Dutch commercial broadcasting company

Talpa TV (formerly SBS Broadcasting B.V.) is a Dutch commercial broadcasting company owned by John de Mol's Talpa Network.

== History ==
The network was launched by SBS Broadcasting in 1995 with the introduction of SBS6, the third commercial channel of The Netherlands after RTL 4 and RTL 5. A second channel was added on 1 March 1999 with the launch of NET5, through which channel the network wanted to challenge the Dutch public broadcasting system. In 2001 the group bought Fox from News Corporation and renamed it V8. The channel was shared with Fox Kids during the daytime. They initially bought the channel for Veronica, because Veronica left the Holland Media Groep and were looking for a new network.

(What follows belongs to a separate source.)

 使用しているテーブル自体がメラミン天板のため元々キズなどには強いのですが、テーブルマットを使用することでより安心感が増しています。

Veronica considered various options, such as returning to the public broadcasting system, but reached an agreement with Viacom to broadcast in the evening on TMF. This arrangement didn't work out and the trust behind Veronica made a deal with SBS Broadcasting. In the deal V8 would be transformed to Veronica and their publishing house would transfer to SBS Broadcasting, in exchange for a 10% share in the Dutch branch of SBS Broadcasting and a licensing fee for their name.

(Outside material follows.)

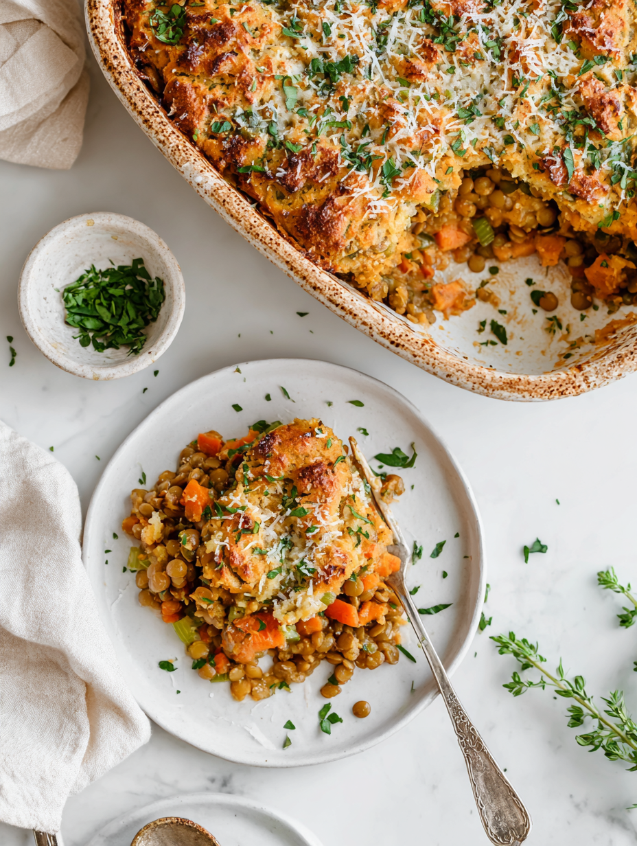 Look for lentils that hold shape, like brown or green, to keep the casserole hearty and textured.

In 2005 SBS Broadcasting SA, the international company to which SBS Broadcasting B.V. partially belonged, was acquired by investors Permira and KKR for €2,1 billion. That same year the new owners struck a deal with Telegraaf Media Group (27%) and Vereniging Veronica (10%) the other owners of the Dutch branch, in which both would sell their share. The entire global network of SBS Broadcasting was acquired in 2007 by ProSiebenSat. 1 for €3,3 billion. The Dutch branch was taken over in 2011 by the Finish publisher Sanoma and John de Mol’s Talpa Holding, holding a 67% and 33% stake respectively. The Netherlands Authority for Consumers and Markets agreed to the acquisition on the condition that John de Mol would sell his 26% stake in RTL Nederland, which he acquired when he sold them his channel Tien. With the new owners SBS Broadcasting launched a video on demand service called KIJK in 2013 and a fourth channel called SBS9 in 2015.

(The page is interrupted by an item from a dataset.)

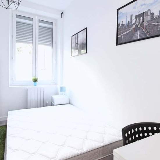 [FR] Chambre de 12m², entièrement meublée. Elle dispose d’un lit double (140x190) accompagné d'une table de chevet avec lampe. Un espace de travail est disponible, composé d'un bureau avec chaise et lampe. La chambre propose également plusieurs rangements : une armoire avec penderie et une étagère. L'atout majeur de cette chambre est sa salle de bain privative. Situé dans le 4ème arrondissement de Marseille, dans le quartier La Blancarde, cet appartement de 52m² bénéficie d’un emplacement idéal, à deux pas du Parc Vallier et à proximité de t...

Sanoma left the enterprise in 2017, when they sold their 67% share for €237 million to John de Mol’s Talpa Holding. Sanoma would completely acquire the Veronica Publishing house in this deal. With the acquisition John de Mol wanted to create a strong Dutch media empire with his other assets. This resulted in the creation of Talpa Network in 2017 and the renaming of SBS Broadcasting B.V. to Talpa TV, the channels were placed as a vertical in the Talpa Network empire.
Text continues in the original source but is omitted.